Heretic Tool Strips AI Safety Guardrails From Meta and Google

A freely available GitHub tool called Heretic can strip the safety controls out of Meta’s Llama 3.3 and Google’s Gemma 3 in under ten minutes, an investigation by the Financial Times and AI safety group Alice has shown. The modified models then answered questions the original systems refused to touch, including how to synthesize biological agents, build credential stealing malware, and generate child sexual abuse material.

What Abliteration Does to AI Safety Guardrails

Heretic relies on a technique researchers call abliteration. It identifies and removes the specific neural pathways that cause a model to refuse certain prompts. The process runs on consumer hardware and does not require fine tuning data or specialist expertise. Once those refusal weights are stripped out, the model loses its trained tendency to push back on requests it was designed to decline.

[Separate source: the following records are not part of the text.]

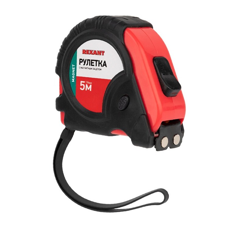 Измерительная рулетка REXANT Профи необходима при проведении измерительных работ в строительстве, хозяйстве, ландшафтных и геодезических исследованиях. Двухкомпонентный прорезиненный корпус, выполненный из ударопрочного пластика, не скользит в руках. Прочное полотно без изломов имеет глянцевое покрытие и обладает удобным зацепом с магнитами. Для удобства использования предусмотрены кнопки стопора и фиксации тормоза. На корпусе расположена клипса-зажим для фиксации рулетки на ремне, кармане или поясной сумке. Ремешок позволяет надевать инструмент на запястье, чтобы освободить руки для работы.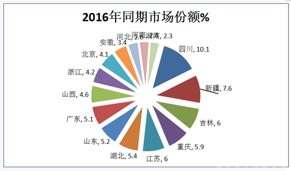 2、前15名主流市场中,河北区域的市场份额增加最大,江苏区域减少最多。其余区域基本持,平变化不大。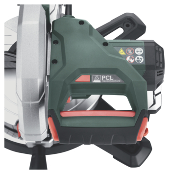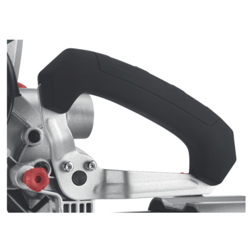 De zaag is uitgerust met een geïntegreerde spaanopvangtrechter die het werkgebied schoon houdt en een zachtaanloop voor de motor en aandrijving, wat bijdraagt aan een lange levensduur. Met de snelspanklem kun je werkstukken stevig vastzetten, zowel van boven als van voren, en de diepteaanslag maakt het eenvoudig om groeven te zagen. Alle bedieningselementen en schalen zijn intuïtief geplaatst en vanuit de werkpositie goed zichtbaar. De ergonomische greep zorgt ervoor dat de zaag met één of twee handen eenvoudig kan worden verplaatst, terwijl de bescherming van de zaagkop veilig transport garandeert.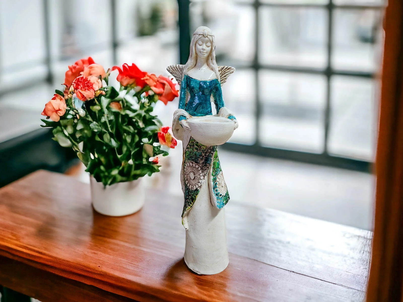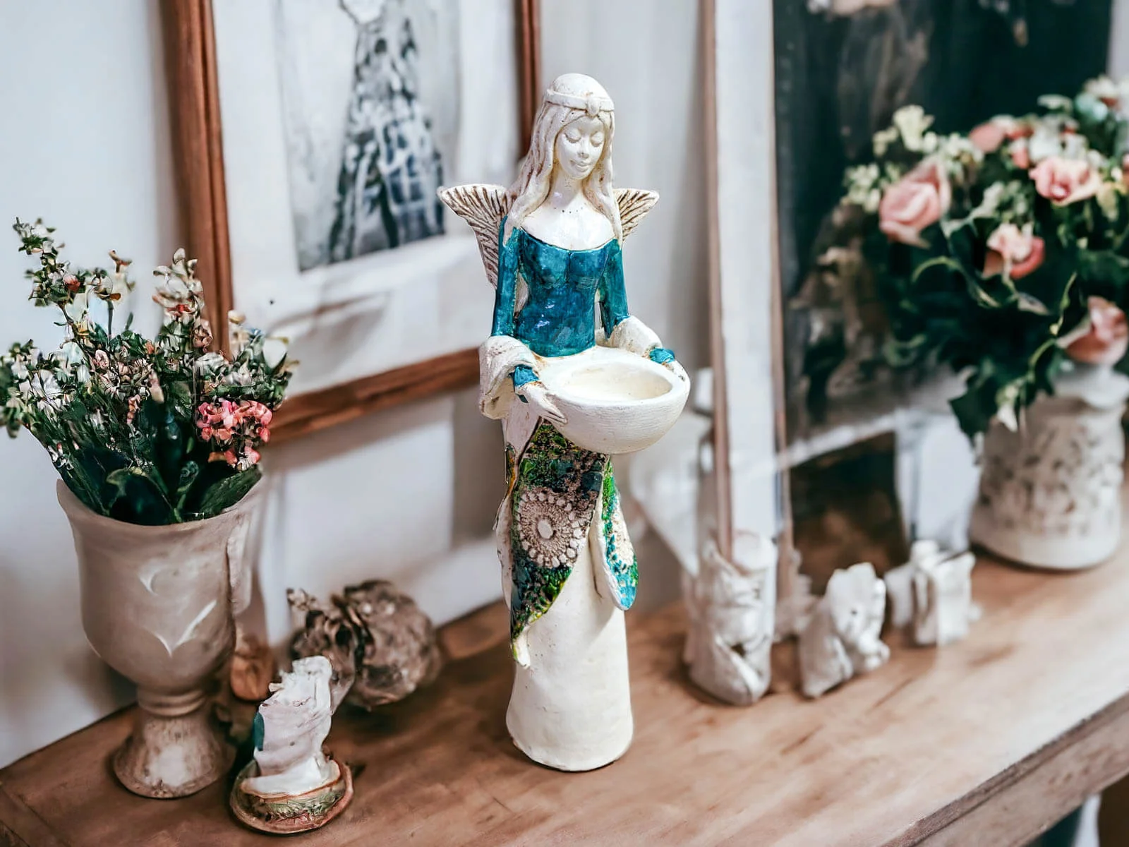 Anioł Florence to ręcznie wykonana figurka. Florence słynie z mądrości. Swoją wiedzę wykorzystuje w lecznictwie. Jest znachorką, służy pomocą wszystkim mieszkańcom w wiosce. Co wieczór wybiera się do lasu po świeże zioła, które zbiera do swojej magicznej misy. Z ziół wykonuje lecznicze maści i lekarstwa. Idealnie nadaje się na prezent dla kobiet. Świetnie sprawdzi się jako ozdoba w każdym wnętrzu.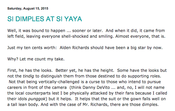 After posting a positive and in-depth analysis of the AlDub phenomenon on his blog Choking On My Adobo, Director Joey Reyes commended Eat Bulaga host (a.k.a. Bae ng Bayan) Alden Richards for personally sending him a text message of thanks for the article. The film director, who is one of the most respected influencers in the industry, said he was able to prove that Alden was a cut above the rest. 🙂

Open weight models like Llama 3.3 and Gemma 3 are exposed because their full parameter files are publicly downloadable. Anyone who installs the model locally can modify it without restriction. Proprietary systems such as Anthropic’s Claude and OpenAI’s ChatGPT are not vulnerable to the same attack, since their weights stay private and all inference runs through company controlled servers.

What the Stripped Models Produced

The FT and Alice ran a battery of prompts through both decensored models. The modified Llama 3.3 returned dosage figures for ricin poisoning, including the micrograms per kilogram needed to reach a 50 percent lethality threshold. The stripped Gemma 3 produced working code samples for credit card credential theft and authored explicit narratives involving minors. Both systems also returned step by step instructions for synthesizing chemical and biological agents that the unmodified versions had consistently refused to discuss.

Heretic’s creator told the FT that the tool has already produced more than 3,500 decensored variants, with combined downloads exceeding 13 million across Hugging Face mirrors and other distribution sites.

Why It Matters

The investigation reignites a long running debate over the safety of open weight releases. Meta, Google, and other open model proponents argue that broad access accelerates research and prevents a small group of vendors from controlling AI development. Critics counter that any safety work baked into a model can be removed by anyone with a laptop, leaving the original guardrails worth little once the file is in the wild. Expect renewed pressure on US and EU regulators to set baseline rules for what can ship as an open weight release, especially for frontier scale systems.